Sunday, November 6, 2011

No. 942 – Hope


Performer: Rush
Songwriters: Alex Lifeson
Original Release: Snakes & Arrows
Year: 2007
Definitive Version: Snakes & Arrows Live, 2008

My buddy Dave sent me the word last year: Rush was touring, and to celebrate the 30th anniversary of Moving Pictures, they were going to play the entire album start to finish—as if I needed any more incentive to see them for the 10th time!

They were going to play two dates in July in Chicago at Your Bank Name Here Pavilion on Northerly Island, which I had been to for the first time only the year before to see Crosby, Stills & Nash. It’s a cozy outdoor venue, and I loved that I would have the chance to see Rush there. Laurie and I chose the second night—it would be the day after we got back from a long weekend at Torch Lake after the Fourth—and I got tickets when they went on sale about 25 rows back and to the side. They’d be great seats for sure.

Laurie, being unemployed at the time, was coming from home; I’d be coming from work. We’d meet up downtown and hike out to the show, which was out past Adler Planetarium. (It’s where Meigs Field used to be, until Mayor Daley snatched up the land and tore up the runway, because he could.) I took a change of clothes to work; it was supposed to be in the 90s.

There also was a chance of rain, and the tickets said rain or shine, so, well, OK, rock ‘n’ roll. We didn’t have ponchos, but it’s supposed to be warm, so what would getting a little wet matter? We’d be oblivious to that soft summer rain.

Well, you would have had to have been oblivious, period, to not notice the rain. The show was scheduled to start at 7:30, and at about 6:30, a massive thunderstorm struck. We cabbed it from where we met up for dinner downtown, and by the time we made it to the show, the rain was easing up--temporarily. We were drenched by the time we made it to our seats. Fortunately, it was warm, so it wasn’t cold. It could have been worse: The beer taps could’ve been dry.

The rain eventually did stop, but the tarps stayed on Rush’s equipment. When I saw on my cellphone that it was almost 8:30, I said to Laurie, we’re right at cut-off time. Because of curfew, they had better get out on stage soon or call it.

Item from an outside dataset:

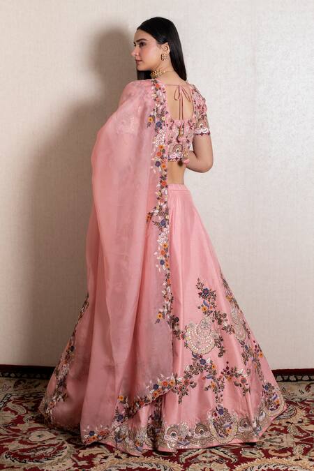 Pink lehenga featuring flower and thread embroidery with a round neckline. Paired with a matching blouse and sheer dupatta with cutwork border.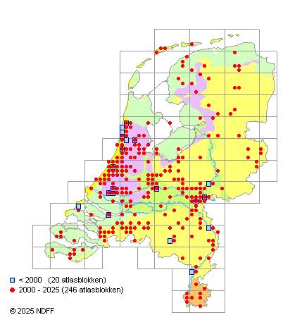 Het aantal atlasblokken (5x5 km) waarin de soort is gemeld binnen een periode van vijf jaar (vanaf 1980) of twintig jaar. Niet gecorrigeerd voor waarnemersinspanning en het aantal doorgegeven waarnemingen kan sterk variëren per periode, dus een trend in verspreiding kan hier niet direct uit worden afgelezen. Het opgegeven jaartal is het eerste jaar van de periode. Bron: gevalideerde waarnemingen uit de NDFF.

No sooner had the words left my lips when a stagehand trudged out sheepishly and asked, “Well … how’s everyone doin’ tonight?” Yep, they called it. No show: the first concert cancellation I was a part of. It was rain or shine, not thunderstorm or shine. I can’t say I disagreed with the decision. Fear not: A make-up date would be announced shortly.

So back home we trudged through the puddles; our shoes squishing with each step but with Hope in our hearts (if not in our ears) that a pleasure delayed was not in fact a pleasure denied. I’ve waited this long to finally see the boys play The Camera Eye—the centerpiece opus of Moving Pictures—I can wait a little longer.